- Problem
Copy out each line containing "that" from the entries below.

- Supplied material
[Start of section]

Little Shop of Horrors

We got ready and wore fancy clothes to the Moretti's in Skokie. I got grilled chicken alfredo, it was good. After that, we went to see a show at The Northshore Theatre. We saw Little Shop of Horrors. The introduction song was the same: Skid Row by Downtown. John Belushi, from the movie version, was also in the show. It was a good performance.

[End of section]
[Start of section]

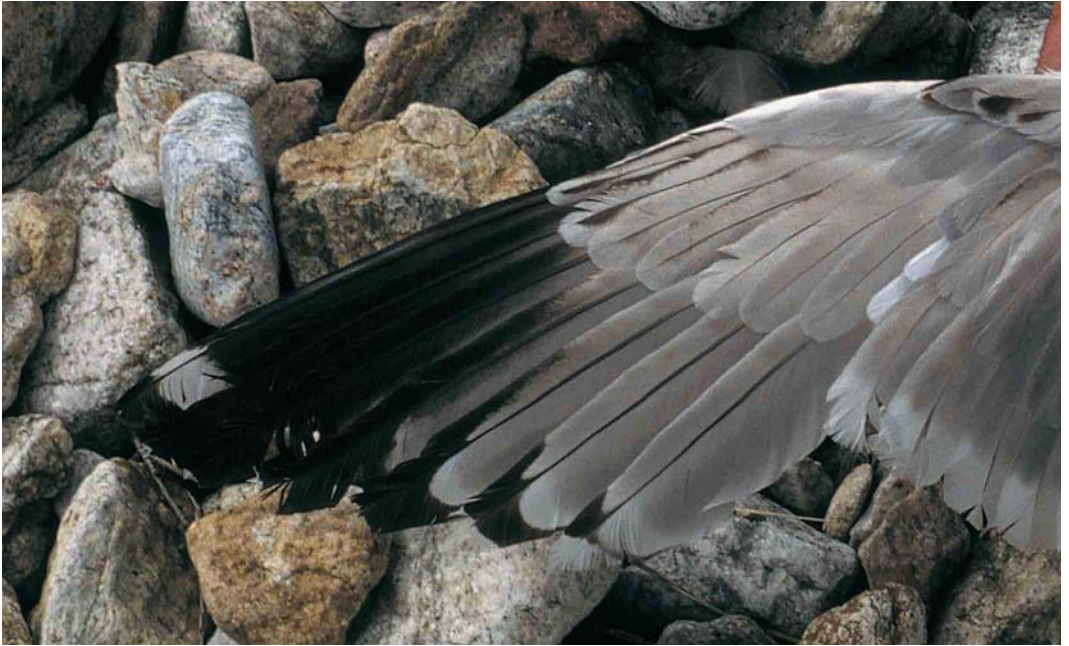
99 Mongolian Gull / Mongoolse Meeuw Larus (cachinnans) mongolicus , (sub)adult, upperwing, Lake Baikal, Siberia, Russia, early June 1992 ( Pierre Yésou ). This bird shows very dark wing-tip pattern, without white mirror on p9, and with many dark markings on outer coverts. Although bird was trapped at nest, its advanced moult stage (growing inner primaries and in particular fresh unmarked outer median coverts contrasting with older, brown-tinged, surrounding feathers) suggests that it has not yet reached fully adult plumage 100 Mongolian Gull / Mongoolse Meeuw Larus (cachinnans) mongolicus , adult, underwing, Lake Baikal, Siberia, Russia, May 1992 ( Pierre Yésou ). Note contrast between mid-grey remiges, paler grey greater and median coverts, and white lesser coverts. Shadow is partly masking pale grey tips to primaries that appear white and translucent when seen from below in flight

[End of section]
[Start of section]

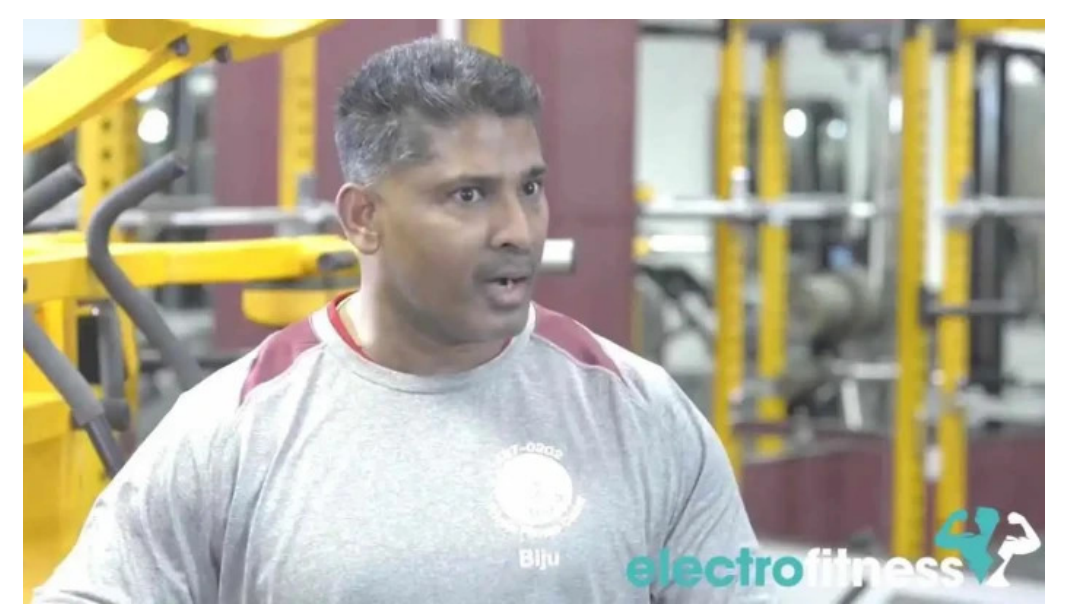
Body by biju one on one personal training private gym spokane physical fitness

[End of section]

- Answer box
We got ready and wore fancy clothes to the Moretti's in Skokie. I got grilled chicken alfredo, it was good. After that, we went to see a show at The Northshore Theatre. We saw Little Shop of Horrors. The introduction song was the same: Skid Row by Downtown. John Belushi, from the movie version, was also in the show. It was a good performance.
99 Mongolian Gull / Mongoolse Meeuw Larus (cachinnans) mongolicus , (sub)adult, upperwing, Lake Baikal, Siberia, Russia, early June 1992 ( Pierre Yésou ). This bird shows very dark wing-tip pattern, without white mirror on p9, and with many dark markings on outer coverts. Although bird was trapped at nest, its advanced moult stage (growing inner primaries and in particular fresh unmarked outer median coverts contrasting with older, brown-tinged, surrounding feathers) suggests that it has not yet reached fully adult plumage 100 Mongolian Gull / Mongoolse Meeuw Larus (cachinnans) mongolicus , adult, underwing, Lake Baikal, Siberia, Russia, May 1992 ( Pierre Yésou ). Note contrast between mid-grey remiges, paler grey greater and median coverts, and white lesser coverts. Shadow is partly masking pale grey tips to primaries that appear white and translucent when seen from below in flight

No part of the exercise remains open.